- Assignment:
Skip every picture. Print each line from the one containing "Графік кількості звернень" through the end of the records below, word for word.
*** Dataset records Section Begins ***
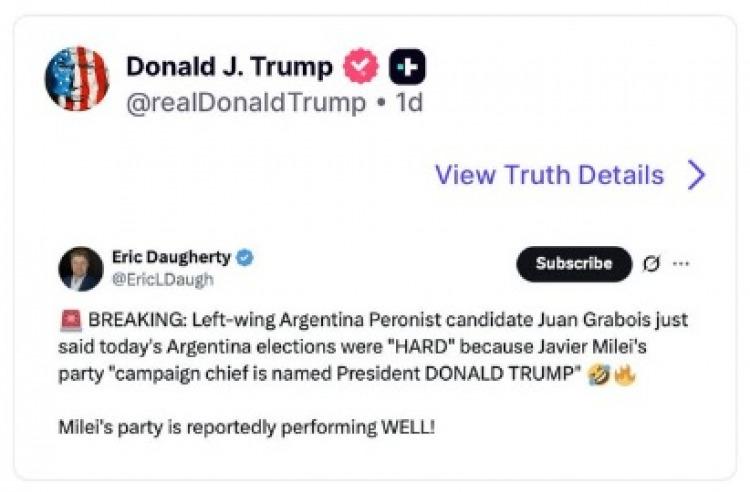El presidente estadounidense se limitó a repostear un mensaje de Eric Daugherty, subdirector de noticias del medio estadounidense llamado Florida’s Voice, en el que dan cuenta de la lectura de Grabois. "El candidato peronista de izquierda argentino, Juan Grabois, acaba de afirmar que las elecciones argentinas de hoy fueron ‘duras’ porque el jefe de campaña del partido de Javier Milei es el presidente Donald Trump", escribió Daugherty.
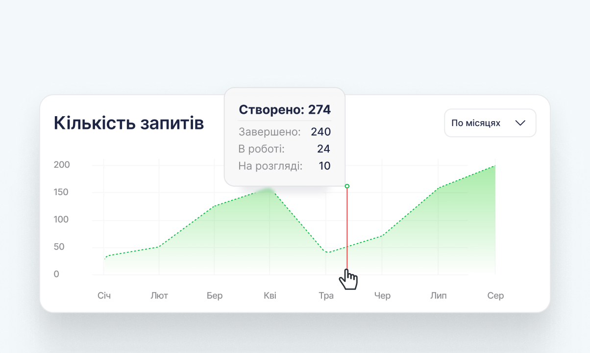 Графік кількості звернень за різні періоди. Дозволяє відстежувати тенденції, визначати пікові навантаження та планувати ресурси наперед
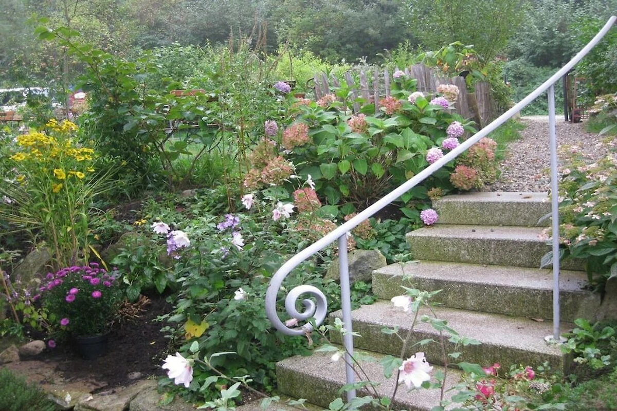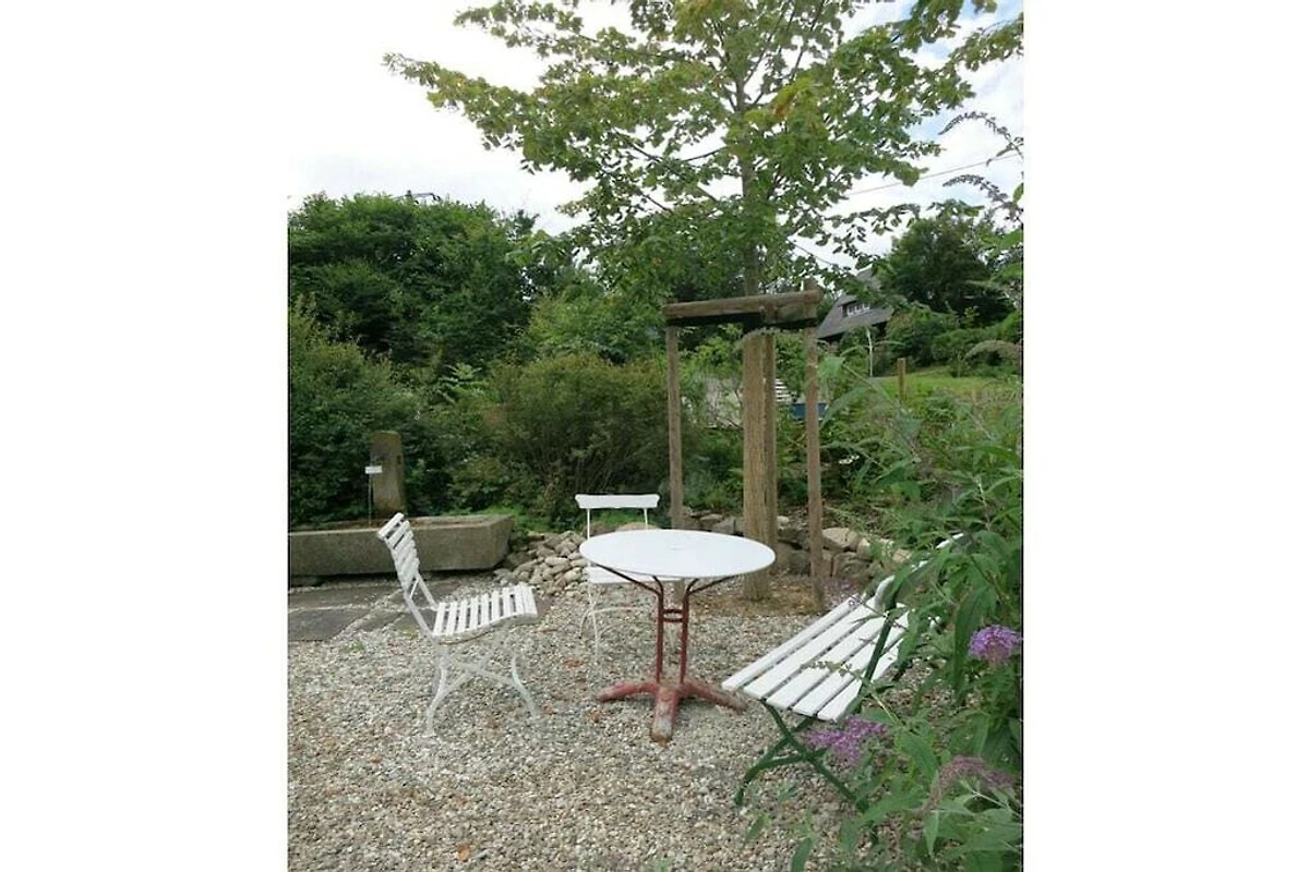 Vor dem Haus zur Sackgassenstraße liegt eine eingewachsene Terrasse. Auf der Wiese, einem Teil des ehemaligen Kaffeegartens , sowie am plätschernden Brunnen können Sie Erholung und Entspannung finden.
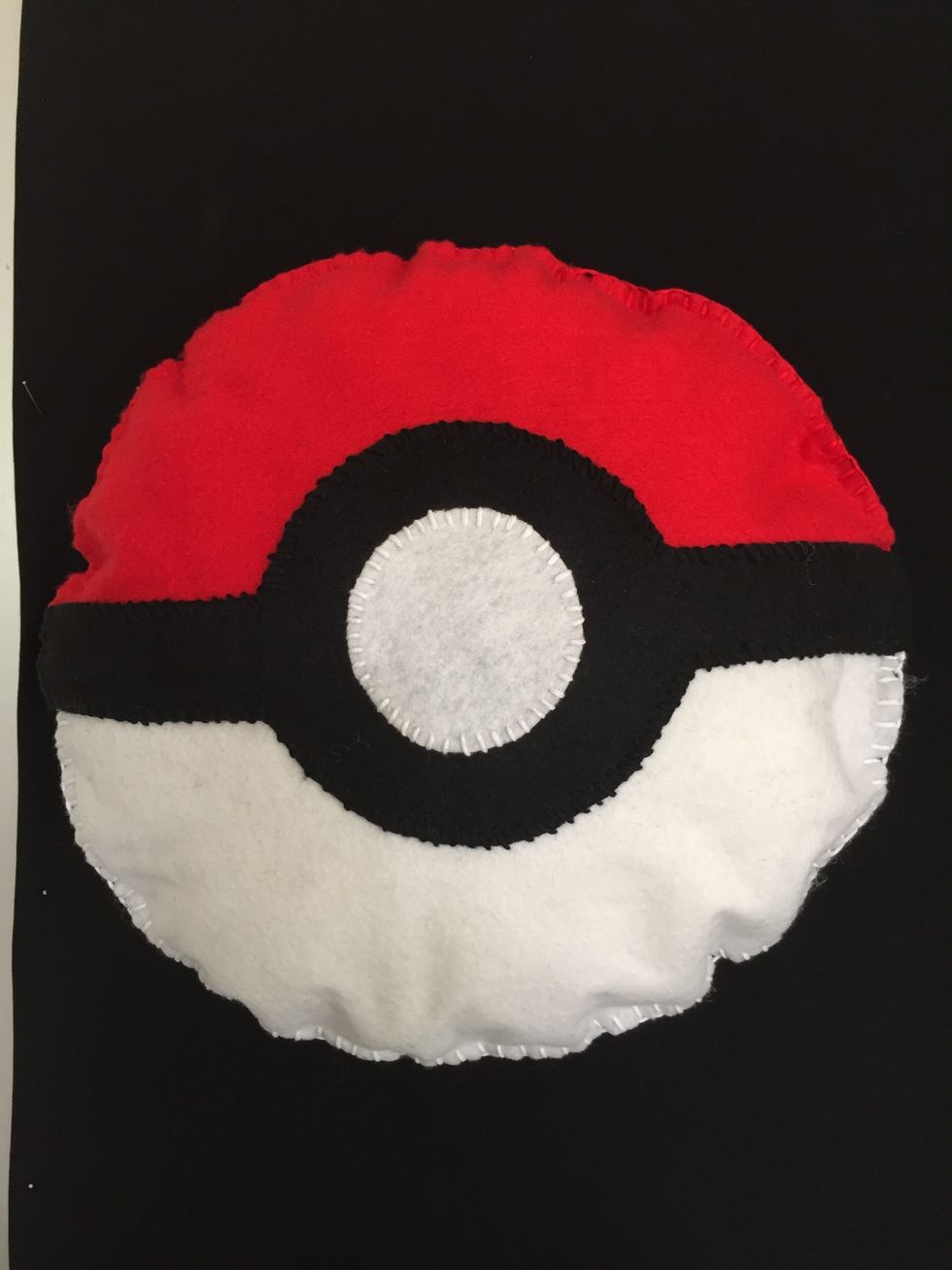Nåla fast den svarta delen mitt på den röd-vita cirkeln. Sy fast den med FÖRSTYGN eller KASTSTYGN. Bestäm tillsammans med din lärare.
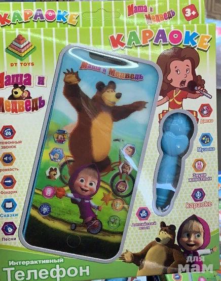 Функции: телефонный звонок, громкость, фонарик, сказки, песни, диско, музыка, звуки животных, английский язык, караоке.
*** Dataset records Section Ends ***
- The answer:
 Графік кількості звернень за різні періоди. Дозволяє відстежувати тенденції, визначати пікові навантаження та планувати ресурси наперед
 Vor dem Haus zur Sackgassenstraße liegt eine eingewachsene Terrasse. Auf der Wiese, einem Teil des ehemaligen Kaffeegartens , sowie am plätschernden Brunnen können Sie Erholung und Entspannung finden.
Nåla fast den svarta delen mitt på den röd-vita cirkeln. Sy fast den med FÖRSTYGN eller KASTSTYGN. Bestäm tillsammans med din lärare.
 Функции: телефонный звонок, громкость, фонарик, сказки, песни, диско, музыка, звуки животных, английский язык, караоке.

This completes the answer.